Les conclusions que l'on peut (à mon avis) tirer de ce manuscrit
La machine arithmétique de Blaise Pascal est la première machine à calculer connue ayant été construite en plusieurs exemplaires et ayant été utilisée. Avec l'horloge à calcul de Schickard c'est le premier exemple concret de la matérialisation mécanique d'un processus purement mental (règles mathématiques inventées par l'homme pour faire des opérations). De ce point de vue c'est une innovation fondamentale dans l'histoire des techniques.
A ce jour neuf exemplaires des pascalines ont été retrouvées, 3 machines décimales, 5 comptables et une pour les calculs de longueurs. Suivant les cas ces machines comportent 5, 6, 8 ou dix roues étoilées pour l'inscription des nombres et leurs finitions ne sont pas identiques. Ces machines ont suscité l'intérêt de nombre de personnes qui en ont étudié le mécanisme et en ont déduit des modes opératoires. Les idées avancées par certains ont été prises par d'autres quelquefois à tort comme argent comptant.
Par exemples:
La machine doit être parfaitement horizontale pour fonctionner
(cf la rubrique "je ne suis pas d'accord").
La remise à zéro du totalisateur nécessite de calculer mentalement le complément à 9 (19 et 11 pour les sols et les deniers) pour chaque tambour chiffré du totalisateur et de le mettre à l'inscripteur.
En réalité, d'après le manuscrit du 18ème siècle, aucun calcul n'était nécessaire, il suffisait de mettre le stylet entre les rayons marqués (toutes les machines retrouvées ont des rayons marqués) et de tourner jusqu'en butée (cf vidéo).
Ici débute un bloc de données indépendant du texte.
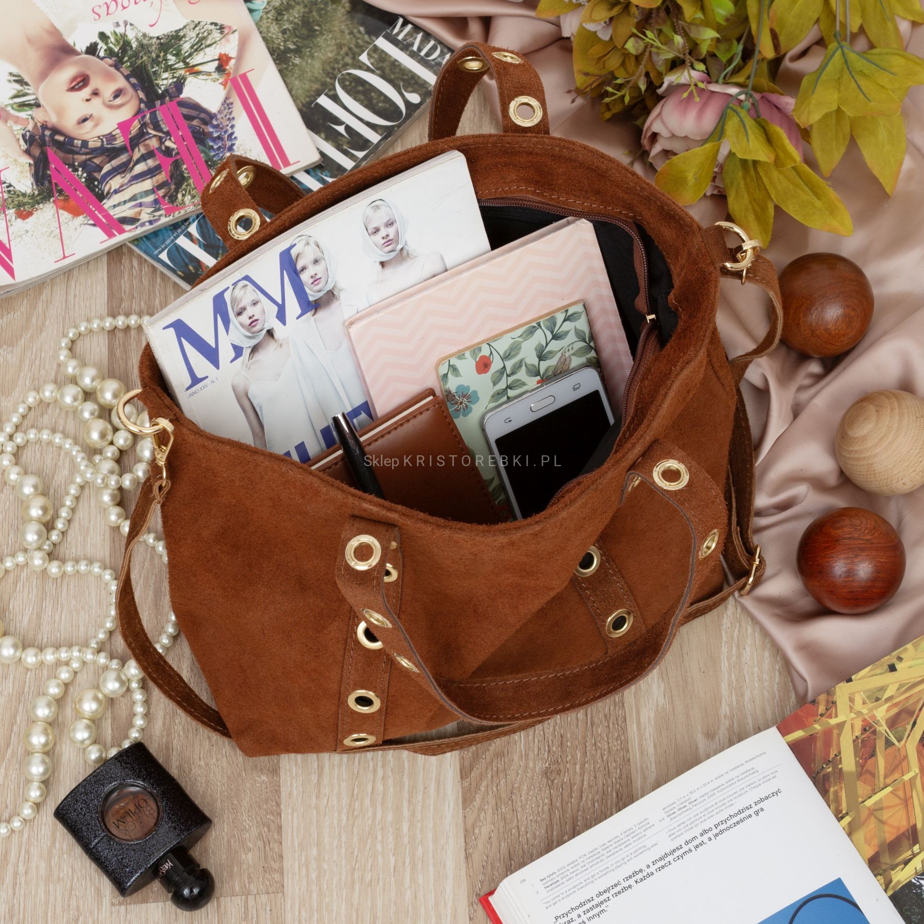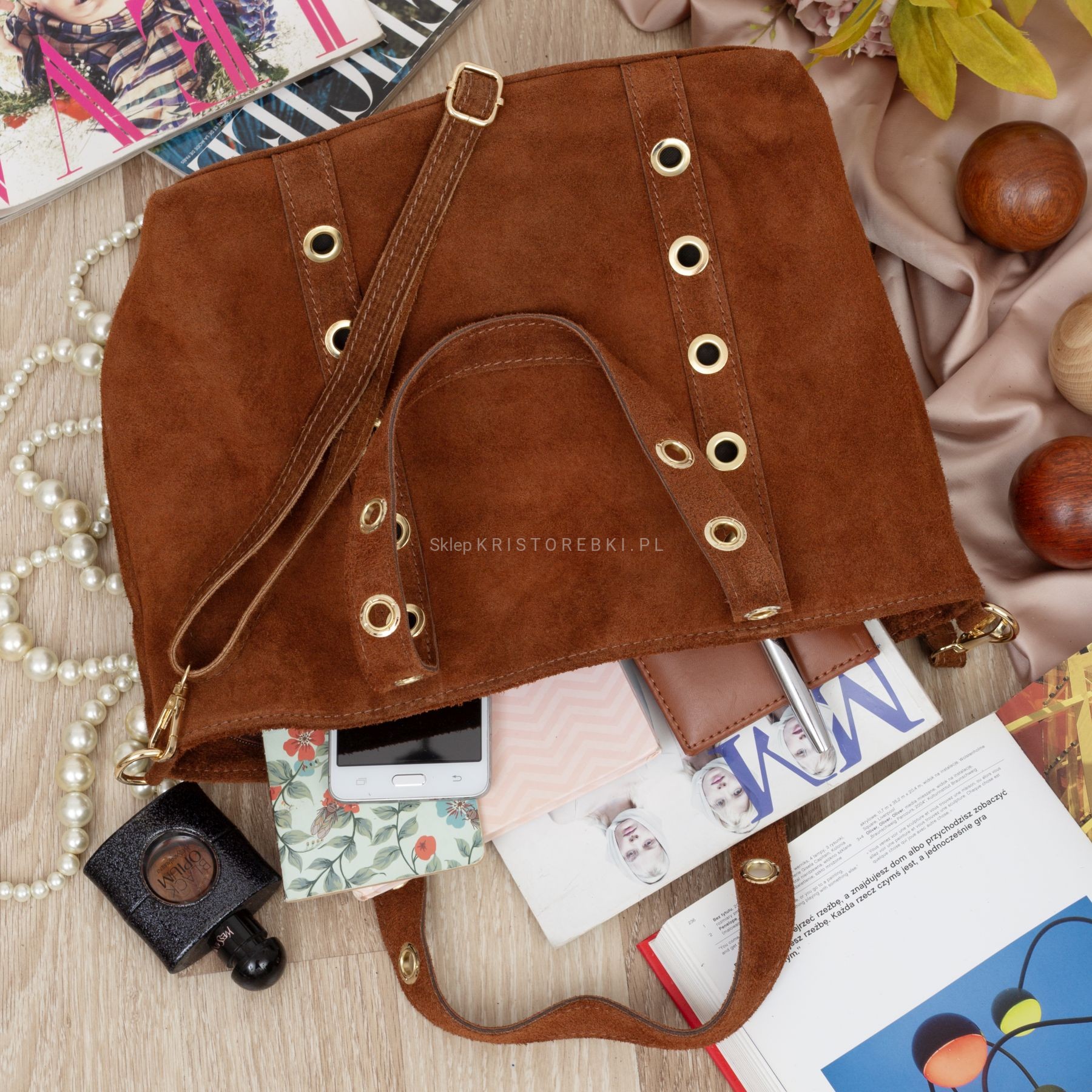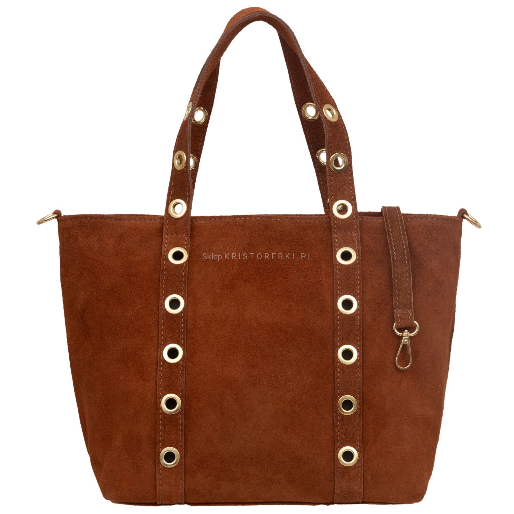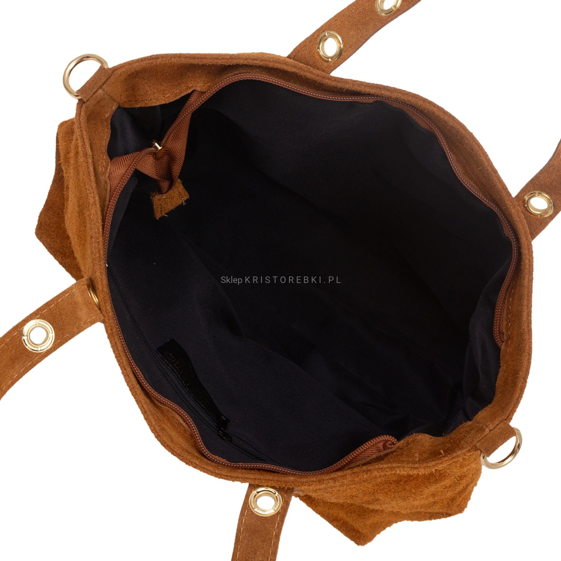 Torebka damska typu shopper znanej i cenionej na rynku europejskim marki VERA PELLE ITALY w kolorze KONIAKOWEGO BRĄZU. Uszyta została bardzo starannie z najwyższej jakości i przyjemnej w dotyku włoskiej skóry zamszowej. Torebka posiada długie rączki, dzięki czemu można ją wygodnie nosić w ręku i na ramieniu. Torebka posiada dodatkowo odpinany i regulowany pasek, dzięki czemu można ją nosić na wiele sposobów. Torebka posiada ozdobne kółka i okucia w kolorze złotym oraz zamykana jest na suwak. Jednokomorowy środek wykończony został podszewką. W środku dodatkowo znajduje się praktyczna kieszeń zamykana na suwak. Torebka jest bardzo pojemna i praktyczna w codziennym użytkowaniu.

La soustraction se faisait par la méthode dite des compléments à 9.
Cette affirmation doit venir de la double graduation des tambours chiffrés qui montre que la somme des deux chiffres d'une génératrice du tambour est égale à 9. Dans la méthode des compléments à 9, pour faire une soustraction, chacun des chiffres du nombre à soustraire est remplacé par son complément à 9 et additionné au contenu du totalisateur, puis on ajoute 1 pour obtenir le résultat exact (méthode utilisée par exemple sur le comptometer de Felt et Tarrant).
Dans le cas de la pascaline, après avoir positionné la baguette mobile en position soustraction, on affiche le premier nombre au totalisateur (ce qui se fait sans aucun calcul en amenant les rayons marqués en face du chiffre désiré gravé sur la couronne) puis on entre de façon habituelle le nombre à retrancher pour lire aussitôt le résultat dans les lucarnes de l'afficheur (cf vidéo).
La multiplication, quoique possible, est trop fastidieuse pour que dans cette opération la pascaline soit vraiment utile.
Bien que nécessitant plusieurs étapes, avec la bandelette de papier et la table de Pythagore ce n'est pas aussi compliqué qu'on veut bien le dire (cf vidéo).
La division était tellement compliquée à faire que la machine n'avait aucune utilité dans ce domaine.
Avec la bandelette de papier, bien que peu pratique de notre point de vue du 21ème siècle, la division est une opération tout à fait possible (cf vidéo). Un utilisateur qui a besoin de la table de Pythagore pour faire des multiplications est-il capable de faire une division sans la machine ?
Le peu de succès commercial de la pascaline.
Il faut toutefois reconnaître que la machine arithmétique de Blaise Pascal n'a semble-t-il pas été un grand succès commercial. Certains prétendent qu'elle n'était pas fiable, en particulier du fait de son système de report des retenues. C'est peut être exact, mais pour en avoir le cœur net il faudrait faire fonctionner un original de l'époque dans un état "neuf".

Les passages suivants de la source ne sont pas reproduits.